# World Hide & Seek champion is



## DTPCHEMICALS (Jul 24, 2006)

Richard


----------



## 100127 (Jul 20, 2006)

:lol: :lol: :lol:


----------



## iconnor (Nov 27, 2007)

Very good :lol: :lol:


----------



## Penquin (Oct 15, 2007)

Nice one Richard......

cooeee ready or not, you can come out now, I think he was tyred....

Dave


----------



## rosalan (Aug 24, 2009)

Not only 'tyred' but cold..... its a bit parky up there in Leicester.


Alan


Thinking of Uncle Norm and Auntie Sandra at this time.


----------



## camallison (Jul 15, 2009)

He was heard to shout, "A hearse, a hearse, my kingdom for a hearse" Then they clamped him for overstaying his paid-for time.

Colin


----------



## GEMMY (Jun 19, 2006)

ATOS have passed him 'fit for work' today

tony


----------



## 747 (Oct 2, 2009)

A receipt from a Cobbler was found on the body and amazingly the company is still in business.

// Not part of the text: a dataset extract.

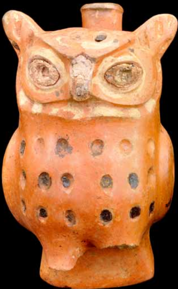
fig. 27 (ci-dessous): paire de vases en forme de hibou qui se situait avec l'une des deux accompagnatrices du Seigneur de Ucupe.

fig. 26 (page opposée): deux figurines hautes de 5 cm, représentant des êtres à crocs tenant dans la main droite un couteau sacrificiel et dans la gauche, une tête humaine. Cuivre doré.

An Archeologist took the receipt and showed it to the owner. He looked at it and said "They'll be ready next Friday".


----------



## loddy (Feb 12, 2007)

They haven't found him yet, the record holder that is

:wink:


----------



## DTPCHEMICALS (Jul 24, 2006)

loddy is a smartie. :lol: :lol: :lol: 
Ok Rich111 is the current holder.
Dave p


----------



## bazzeruk (Sep 11, 2010)

Do miss Blackadder


----------